What this exercise requires is a verbatim reproduction of the data below.

* **Dataset items**:
Segment Open
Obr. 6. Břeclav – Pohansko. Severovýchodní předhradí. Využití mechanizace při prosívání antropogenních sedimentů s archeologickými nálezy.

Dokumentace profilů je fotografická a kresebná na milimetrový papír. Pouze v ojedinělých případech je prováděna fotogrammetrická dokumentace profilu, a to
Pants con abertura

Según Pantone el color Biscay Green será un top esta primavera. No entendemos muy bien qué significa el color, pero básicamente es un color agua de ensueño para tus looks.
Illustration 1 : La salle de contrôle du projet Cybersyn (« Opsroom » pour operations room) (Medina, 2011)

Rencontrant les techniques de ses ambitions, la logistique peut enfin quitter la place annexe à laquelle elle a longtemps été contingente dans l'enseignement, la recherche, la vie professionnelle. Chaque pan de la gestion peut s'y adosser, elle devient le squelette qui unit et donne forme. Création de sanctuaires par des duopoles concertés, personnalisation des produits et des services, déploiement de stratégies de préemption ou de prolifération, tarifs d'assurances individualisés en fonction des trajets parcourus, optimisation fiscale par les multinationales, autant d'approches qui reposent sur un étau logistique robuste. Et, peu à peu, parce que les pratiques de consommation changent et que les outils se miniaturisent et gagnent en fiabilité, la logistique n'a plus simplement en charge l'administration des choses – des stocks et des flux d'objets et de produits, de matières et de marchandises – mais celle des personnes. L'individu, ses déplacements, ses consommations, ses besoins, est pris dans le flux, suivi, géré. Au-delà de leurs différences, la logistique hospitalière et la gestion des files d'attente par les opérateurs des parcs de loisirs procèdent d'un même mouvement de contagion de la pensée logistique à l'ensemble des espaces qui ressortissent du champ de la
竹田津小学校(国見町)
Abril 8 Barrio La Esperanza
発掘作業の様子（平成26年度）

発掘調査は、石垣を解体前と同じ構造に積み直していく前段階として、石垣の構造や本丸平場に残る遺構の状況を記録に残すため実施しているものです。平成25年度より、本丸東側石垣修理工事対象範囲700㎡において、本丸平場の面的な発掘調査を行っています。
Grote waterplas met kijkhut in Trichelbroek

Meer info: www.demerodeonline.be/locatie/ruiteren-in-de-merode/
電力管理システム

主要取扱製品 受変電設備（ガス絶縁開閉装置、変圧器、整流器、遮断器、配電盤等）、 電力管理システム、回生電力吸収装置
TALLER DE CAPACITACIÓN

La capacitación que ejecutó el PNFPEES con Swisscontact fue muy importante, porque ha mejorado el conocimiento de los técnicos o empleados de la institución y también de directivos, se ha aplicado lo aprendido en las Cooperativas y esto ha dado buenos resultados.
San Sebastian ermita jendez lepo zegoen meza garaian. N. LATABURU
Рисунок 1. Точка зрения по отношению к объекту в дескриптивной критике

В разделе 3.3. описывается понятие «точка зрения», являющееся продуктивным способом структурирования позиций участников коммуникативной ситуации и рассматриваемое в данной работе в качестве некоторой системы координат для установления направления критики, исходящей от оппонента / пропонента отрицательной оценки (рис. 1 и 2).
Segment Closed
* **SOLUTION TO THIS EXERCISE**:
Obr. 6. Břeclav – Pohansko. Severovýchodní předhradí. Využití mechanizace při prosívání antropogenních sedimentů s archeologickými nálezy.

Dokumentace profilů je fotografická a kresebná na milimetrový papír. Pouze v ojedinělých případech je prováděna fotogrammetrická dokumentace profilu, a to
Pants con abertura

Según Pantone el color Biscay Green será un top esta primavera. No entendemos muy bien qué significa el color, pero básicamente es un color agua de ensueño para tus looks.
Illustration 1 : La salle de contrôle du projet Cybersyn (« Opsroom » pour operations room) (Medina, 2011)

Rencontrant les techniques de ses ambitions, la logistique peut enfin quitter la place annexe à laquelle elle a longtemps été contingente dans l'enseignement, la recherche, la vie professionnelle. Chaque pan de la gestion peut s'y adosser, elle devient le squelette qui unit et donne forme. Création de sanctuaires par des duopoles concertés, personnalisation des produits et des services, déploiement de stratégies de préemption ou de prolifération, tarifs d'assurances individualisés en fonction des trajets parcourus, optimisation fiscale par les multinationales, autant d'approches qui reposent sur un étau logistique robuste. Et, peu à peu, parce que les pratiques de consommation changent et que les outils se miniaturisent et gagnent en fiabilité, la logistique n'a plus simplement en charge l'administration des choses – des stocks et des flux d'objets et de produits, de matières et de marchandises – mais celle des personnes. L'individu, ses déplacements, ses consommations, ses besoins, est pris dans le flux, suivi, géré. Au-delà de leurs différences, la logistique hospitalière et la gestion des files d'attente par les opérateurs des parcs de loisirs procèdent d'un même mouvement de contagion de la pensée logistique à l'ensemble des espaces qui ressortissent du champ de la
竹田津小学校(国見町)
Abril 8 Barrio La Esperanza
発掘作業の様子（平成26年度）

発掘調査は、石垣を解体前と同じ構造に積み直していく前段階として、石垣の構造や本丸平場に残る遺構の状況を記録に残すため実施しているものです。平成25年度より、本丸東側石垣修理工事対象範囲700㎡において、本丸平場の面的な発掘調査を行っています。
Grote waterplas met kijkhut in Trichelbroek

Meer info: www.demerodeonline.be/locatie/ruiteren-in-de-merode/
電力管理システム

主要取扱製品 受変電設備（ガス絶縁開閉装置、変圧器、整流器、遮断器、配電盤等）、 電力管理システム、回生電力吸収装置
TALLER DE CAPACITACIÓN

La capacitación que ejecutó el PNFPEES con Swisscontact fue muy importante, porque ha mejorado el conocimiento de los técnicos o empleados de la institución y también de directivos, se ha aplicado lo aprendido en las Cooperativas y esto ha dado buenos resultados.
San Sebastian ermita jendez lepo zegoen meza garaian. N. LATABURU
Рисунок 1. Точка зрения по отношению к объекту в дескриптивной критике

В разделе 3.3. описывается понятие «точка зрения», являющееся продуктивным способом структурирования позиций участников коммуникативной ситуации и рассматриваемое в данной работе в качестве некоторой системы координат для установления направления критики, исходящей от оппонента / пропонента отрицательной оценки (рис. 1 и 2).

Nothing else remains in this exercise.